• **Source information**:
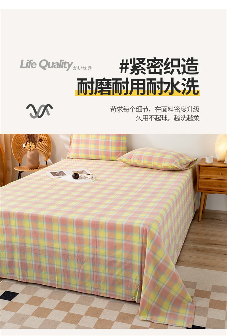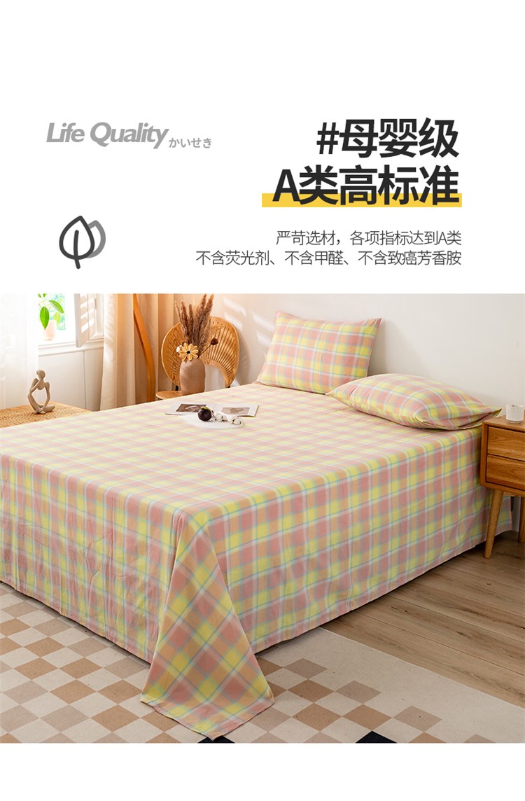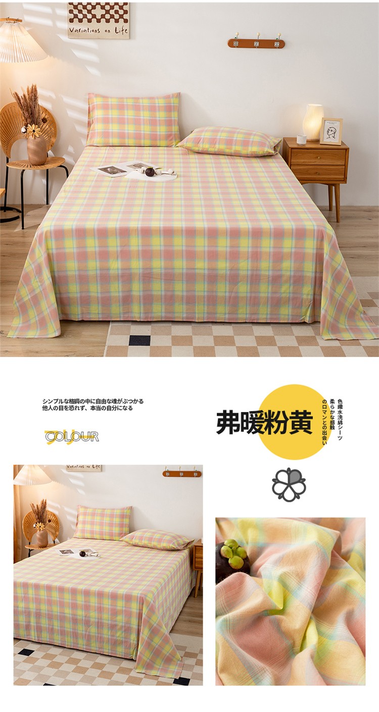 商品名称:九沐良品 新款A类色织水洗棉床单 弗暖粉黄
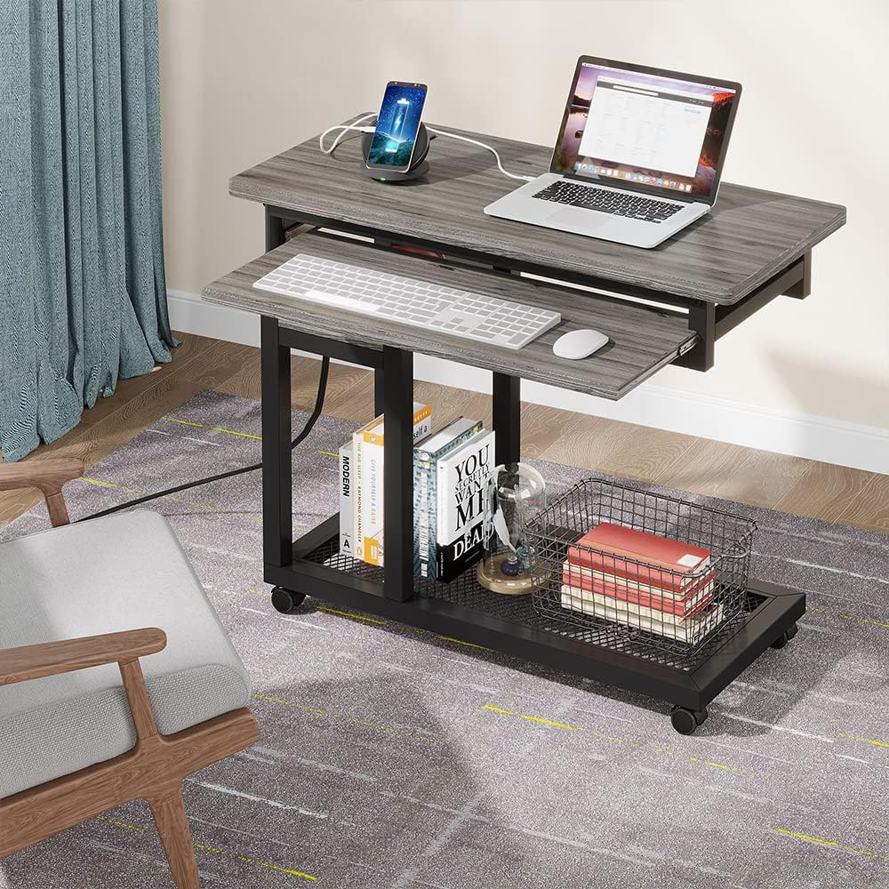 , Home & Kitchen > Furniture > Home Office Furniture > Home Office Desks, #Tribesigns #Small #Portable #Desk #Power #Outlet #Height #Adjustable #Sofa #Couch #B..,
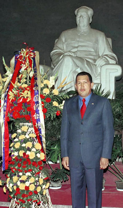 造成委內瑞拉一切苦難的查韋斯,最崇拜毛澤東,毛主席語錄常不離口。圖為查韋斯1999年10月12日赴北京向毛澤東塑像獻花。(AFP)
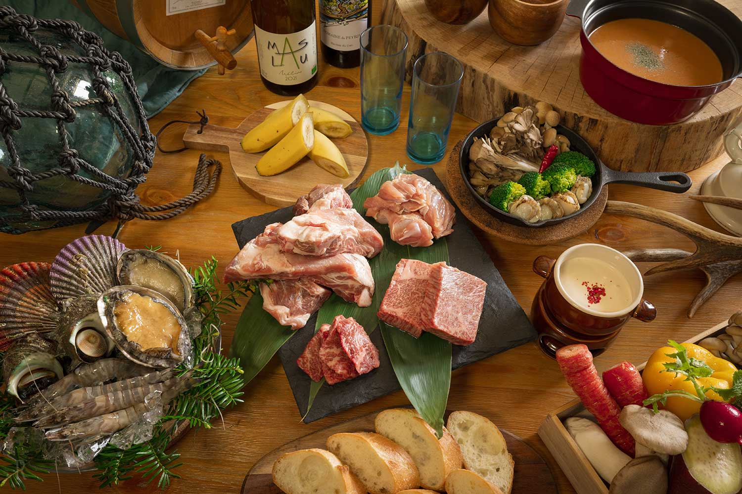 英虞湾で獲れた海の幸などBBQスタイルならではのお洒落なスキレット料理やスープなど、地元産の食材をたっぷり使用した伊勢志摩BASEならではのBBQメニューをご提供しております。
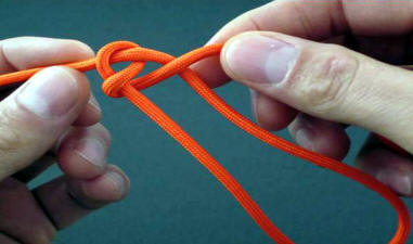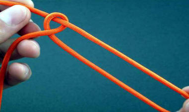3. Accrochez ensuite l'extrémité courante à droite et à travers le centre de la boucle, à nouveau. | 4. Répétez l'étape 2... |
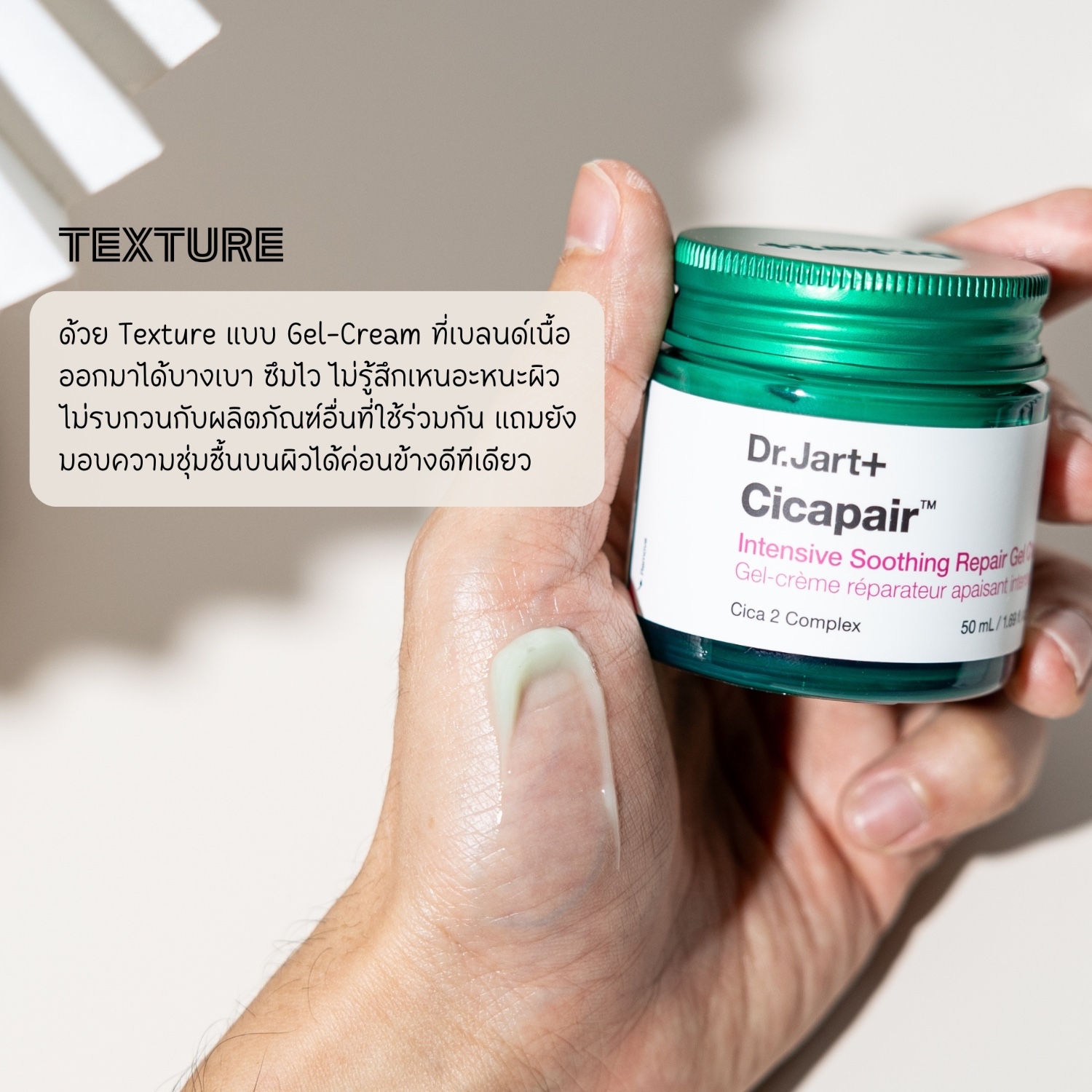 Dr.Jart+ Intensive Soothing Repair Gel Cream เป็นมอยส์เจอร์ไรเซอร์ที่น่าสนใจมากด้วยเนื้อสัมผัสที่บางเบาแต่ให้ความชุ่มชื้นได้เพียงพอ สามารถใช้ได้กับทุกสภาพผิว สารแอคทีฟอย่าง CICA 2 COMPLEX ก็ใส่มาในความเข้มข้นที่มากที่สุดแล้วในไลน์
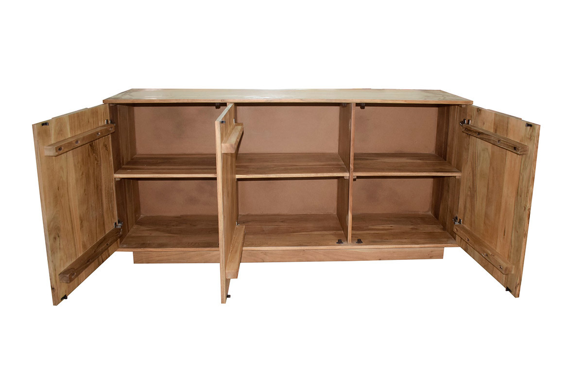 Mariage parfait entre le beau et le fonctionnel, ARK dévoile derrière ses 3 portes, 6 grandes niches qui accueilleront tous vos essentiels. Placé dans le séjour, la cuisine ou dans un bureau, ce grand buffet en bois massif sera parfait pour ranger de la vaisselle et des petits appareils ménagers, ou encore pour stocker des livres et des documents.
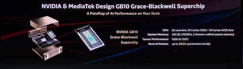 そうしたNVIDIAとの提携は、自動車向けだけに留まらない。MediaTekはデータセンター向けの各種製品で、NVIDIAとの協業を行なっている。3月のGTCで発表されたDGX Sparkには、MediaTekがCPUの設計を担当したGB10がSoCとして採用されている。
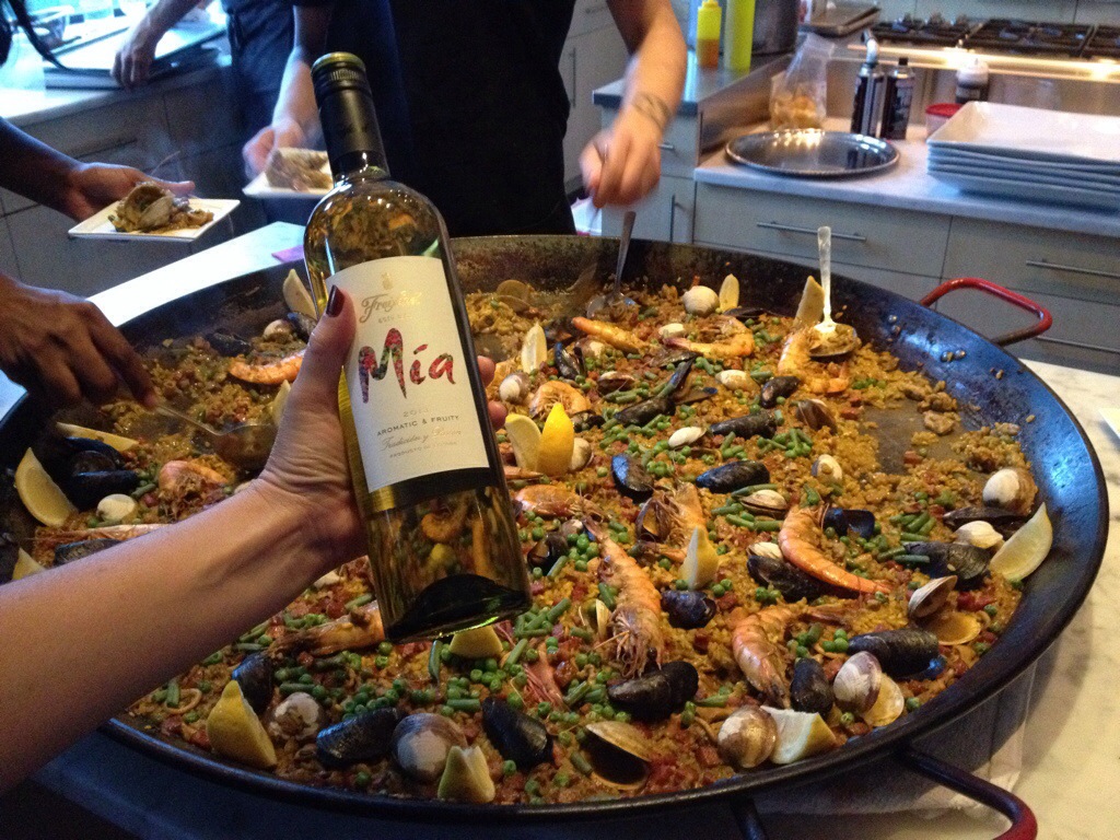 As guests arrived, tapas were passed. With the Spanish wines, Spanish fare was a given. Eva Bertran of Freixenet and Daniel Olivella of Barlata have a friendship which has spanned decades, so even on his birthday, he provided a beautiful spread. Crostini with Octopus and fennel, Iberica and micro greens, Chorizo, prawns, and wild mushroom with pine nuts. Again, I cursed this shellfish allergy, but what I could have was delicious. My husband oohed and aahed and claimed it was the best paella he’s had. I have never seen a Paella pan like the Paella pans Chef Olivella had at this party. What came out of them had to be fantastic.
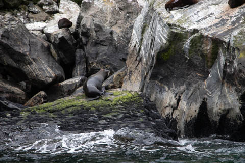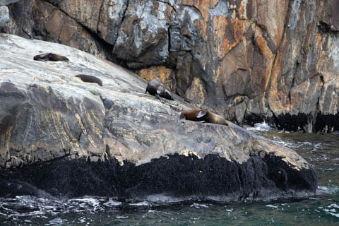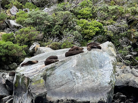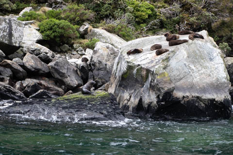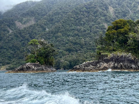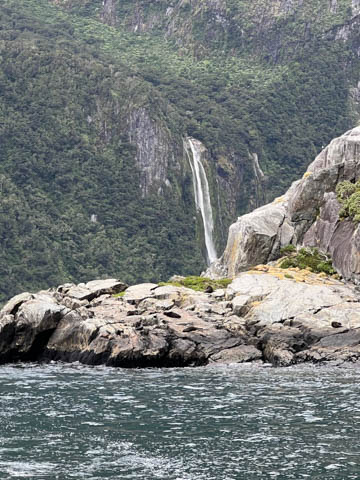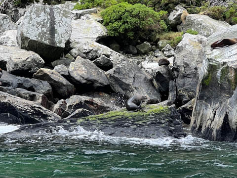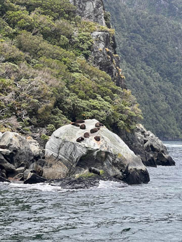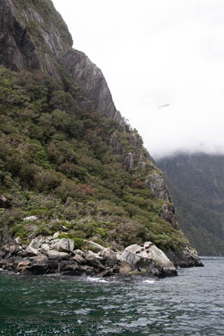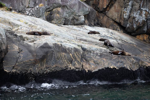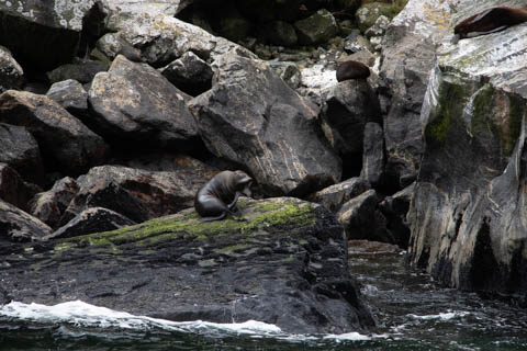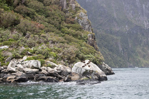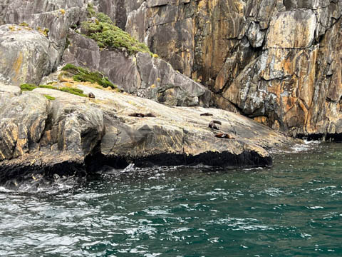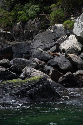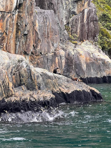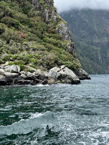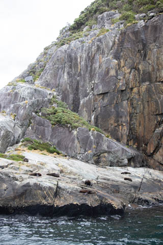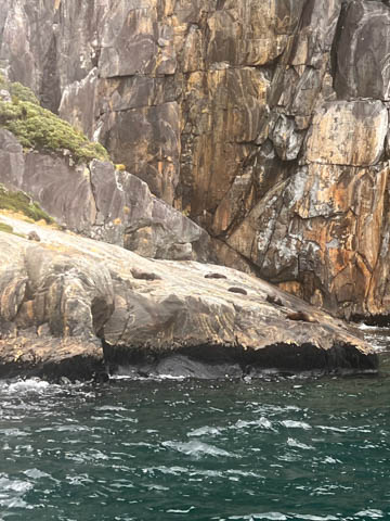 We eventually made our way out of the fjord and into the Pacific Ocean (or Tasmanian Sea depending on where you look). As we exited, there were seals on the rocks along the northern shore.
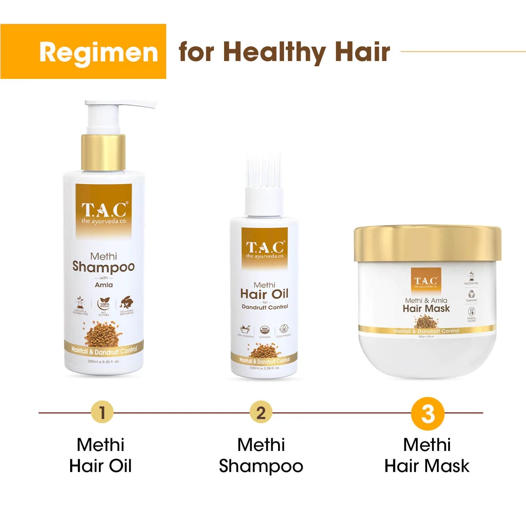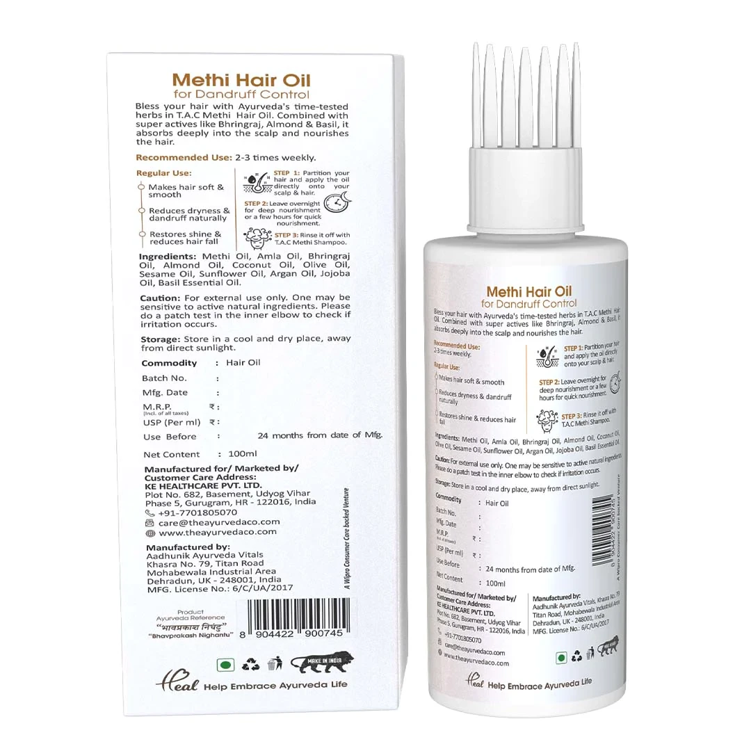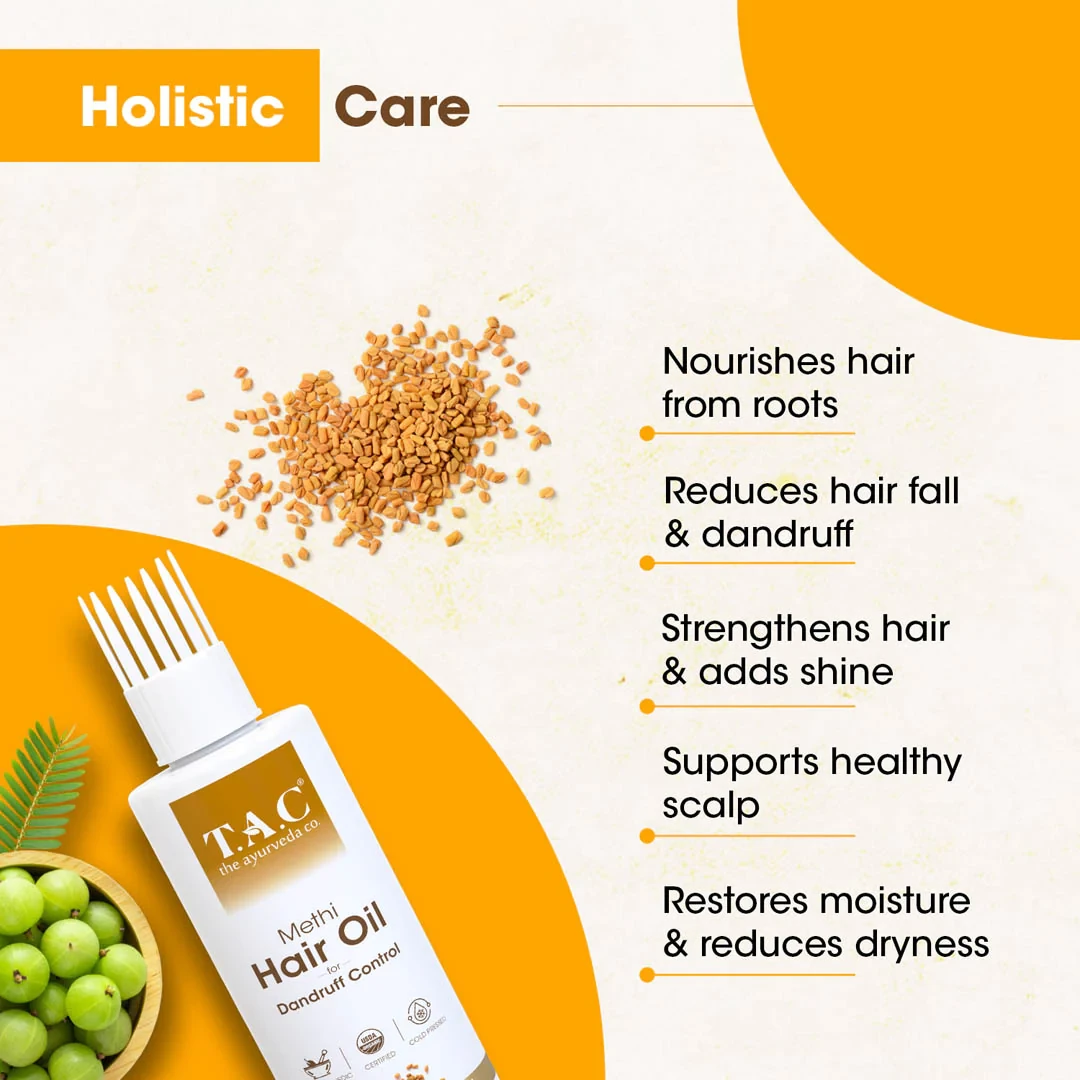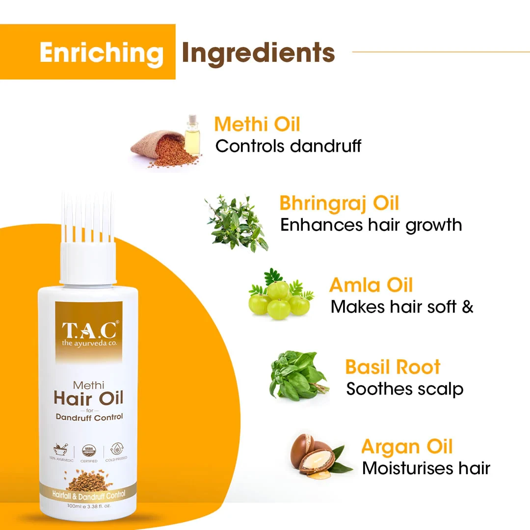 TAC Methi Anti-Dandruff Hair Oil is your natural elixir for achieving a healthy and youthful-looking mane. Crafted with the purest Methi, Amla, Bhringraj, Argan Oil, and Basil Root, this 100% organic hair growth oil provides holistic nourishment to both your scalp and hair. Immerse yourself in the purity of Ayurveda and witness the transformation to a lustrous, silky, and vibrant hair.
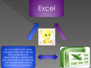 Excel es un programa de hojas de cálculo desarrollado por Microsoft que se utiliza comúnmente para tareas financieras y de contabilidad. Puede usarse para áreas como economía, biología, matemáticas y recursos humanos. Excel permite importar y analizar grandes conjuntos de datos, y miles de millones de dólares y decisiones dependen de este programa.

• **Assigned task**:
Output exactly the lines above, from the line with "We eventually made" to the line with "TAC Methi Anti-Dandruff", both included; skip the pictures.

• **Solved problem**:
 We eventually made our way out of the fjord and into the Pacific Ocean (or Tasmanian Sea depending on where you look). As we exited, there were seals on the rocks along the northern shore.
 TAC Methi Anti-Dandruff Hair Oil is your natural elixir for achieving a healthy and youthful-looking mane. Crafted with the purest Methi, Amla, Bhringraj, Argan Oil, and Basil Root, this 100% organic hair growth oil provides holistic nourishment to both your scalp and hair. Immerse yourself in the purity of Ayurveda and witness the transformation to a lustrous, silky, and vibrant hair.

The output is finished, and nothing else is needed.